Last month, 14-year old Israeli model Sofia Mechetner opened up for the Dior show. In what has been described as a "Cinderella story," Mechetner has traded her impoverished life in Tel Aviv for a $265,000 contract with Dior. The only troubling part of the story? Mechetner's young age. In 2012, all 21 international Vogues signed a pact pledging they would not use models under the age of 16. However, fashion's obsession with all things youthful -- including the use of underage girls to model expensive clothes intended for adult women -- could not be stopped, regardless of any signed pacts.
This is nothing new. Sofia Mechetner is just the latest in the ongoing fixation of youth within the fashion world. In the 1980s, a 15-year-old Brooke Shields proclaimed, "You want to know what comes between me and my Calvins? Nothing." Fast-forward to today, where the daughters of famous celebrities are now in the fashion spotlight, regardless of however young they may be. Lily-Rose Depp, the 16-year-old daughter of Johnny Depp and Vanessa Paradis, is the face of Chanel's eyewear campaign. And Cindy Crawford's daughter Kaia Gerber -- who has been signed to IMG Models -- was recently in a photoshoot for Vogue Italia and had a photo spread in the September issue of CR Fashion Book, Carine Roitfeld's magazine. Oh yeah, and she's 13. These two young girls showcase the frenzied need from the fashion industry for younger faces. Their newly found spotlight has the possibility to replace their famous model mothers who, perhaps precisely because of their mature ages, could be considered irrelevant, as now there is a much younger look-alike to take over the throne.

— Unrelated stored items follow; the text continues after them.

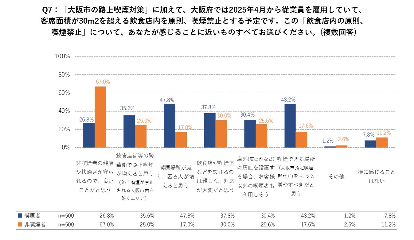 その結果、喫煙者で最も多い回答は「喫煙できる場所 (大阪市指定喫煙所など)をもっと増やすべきだと思う」で48.2%、次に多い回答は「喫煙場所が減り、困る人が増えると思う」で47.8%でした。喫煙者の約2人に1人が喫煙できる場所が減ることを懸念していることが分かる結果でした。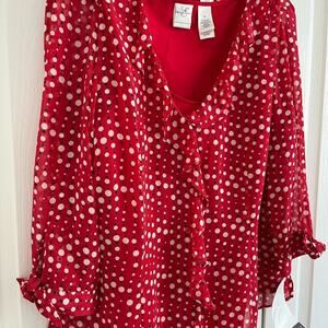 Vibrant red blouse with playful white polka dots. Features a ruffled neckline and sheer sleeves. Plain red tank top underneath, the two are stitched together loosely at the shoulder, you can snip the threads and wear separately.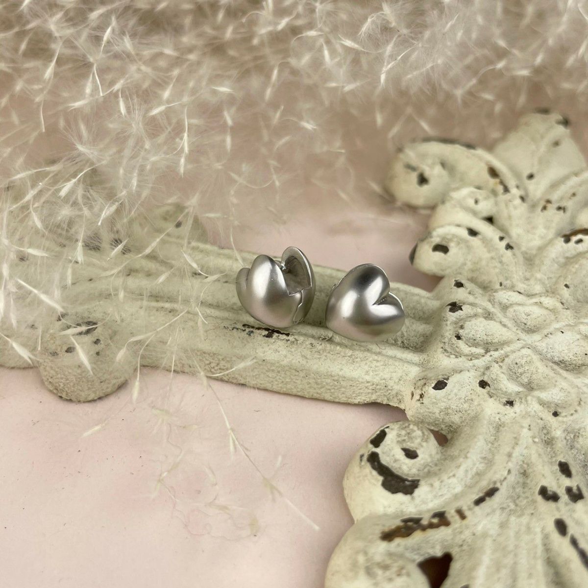 ぷっくりハートピアス マットシルバー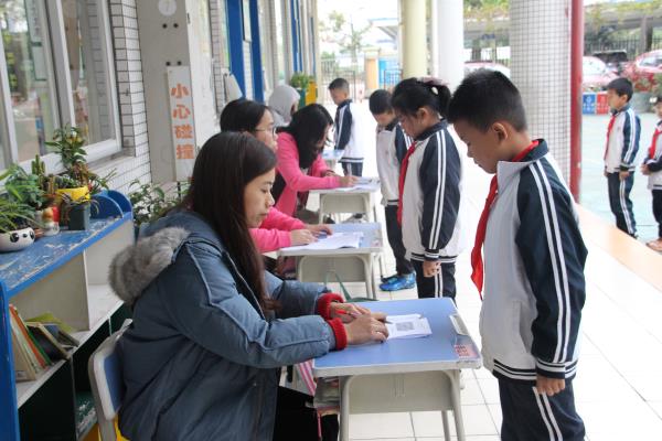 第二部分的考核在十六周一下午進(jìn)行,語數(shù)英三科同時(shí)考核。三至六年級的考核形式是三科綜合筆試,一、二年級則是通過各科組的評委老師到各班進(jìn)行現(xiàn)場口語考查。寒意驟至,考核活動卻是如火如荼地進(jìn)行著,三至六年級的學(xué)生們端坐在教室里奮筆疾書,一、二年級的小朋友們則在所有考核老師的組織下,有的在課室認(rèn)真聆聽故事;有的在老師指揮下排著整體的隊(duì)伍;有的在不同學(xué)科的老師面前奶聲奶氣地回答著各科的問題。稚態(tài)可掬的口述,還不忘禮貌地問好,配上那可愛的笑容,又是“素養(yǎng)”的另一道風(fēng)景。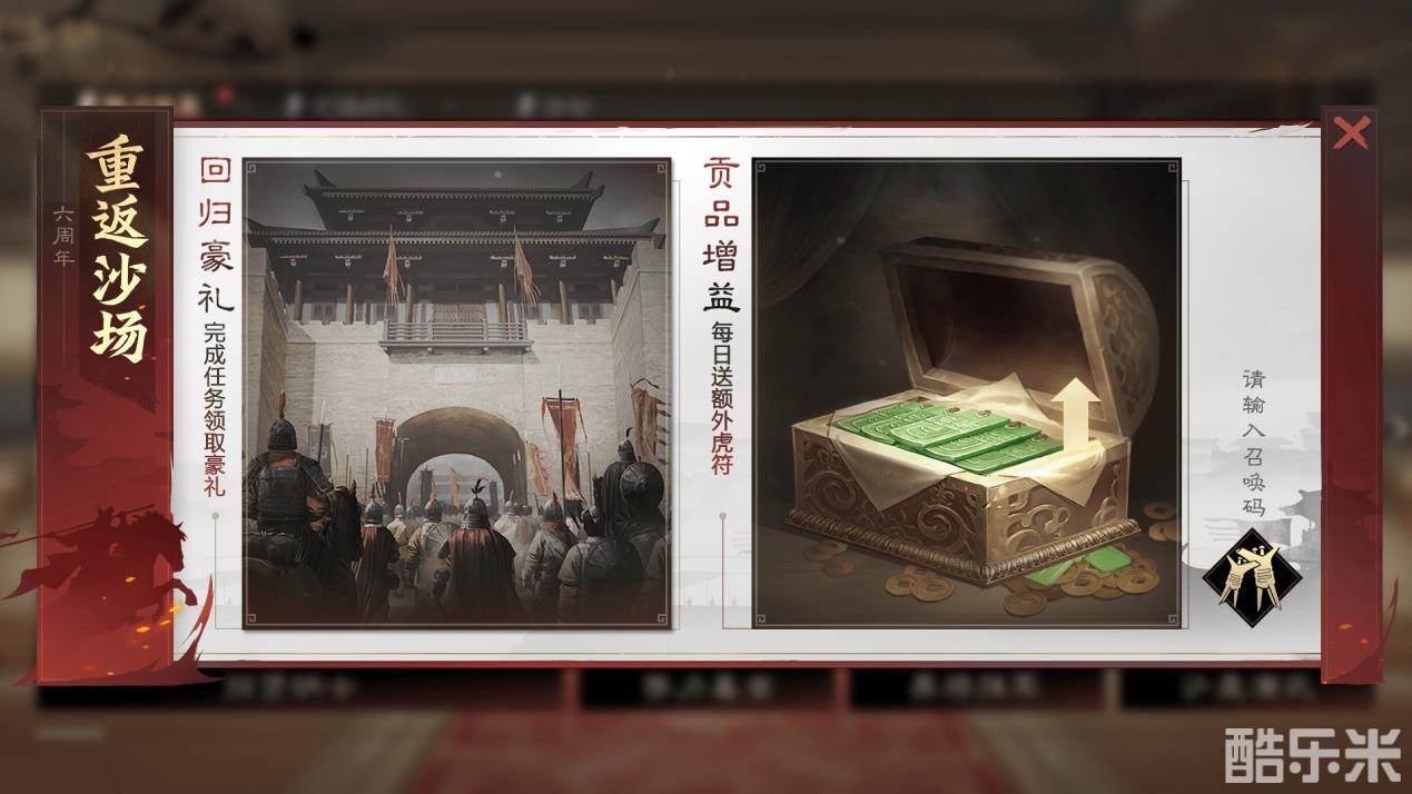 ·回归玩家在活动期间购买月卡,还可激活贡品增益,每日领取贡品玉符奖励时可额外获得虎符奖励

There is something distinctly unsettling about watching a pubescent girl stalk down the runway, styled to look beyond her years and wearing expensive clothing intended for adult women. Sofia Mechetner's young age, with her height of an adult and body of a child, serve to distort reality and expectations of what a woman's body looks like. These young models who have yet to enter puberty -- lacking hips and a chest -- puts pressure on other, older, models to achieve and maintain a stick-thin physique. It also sends out a strong message to the American public at large. The models are meant to be desirable -- beautiful, sophisticated, more elegant and cool than you could ever possibly be -- and the everyday woman is encouraged to imitate that body type, to uphold it as a beauty ideal.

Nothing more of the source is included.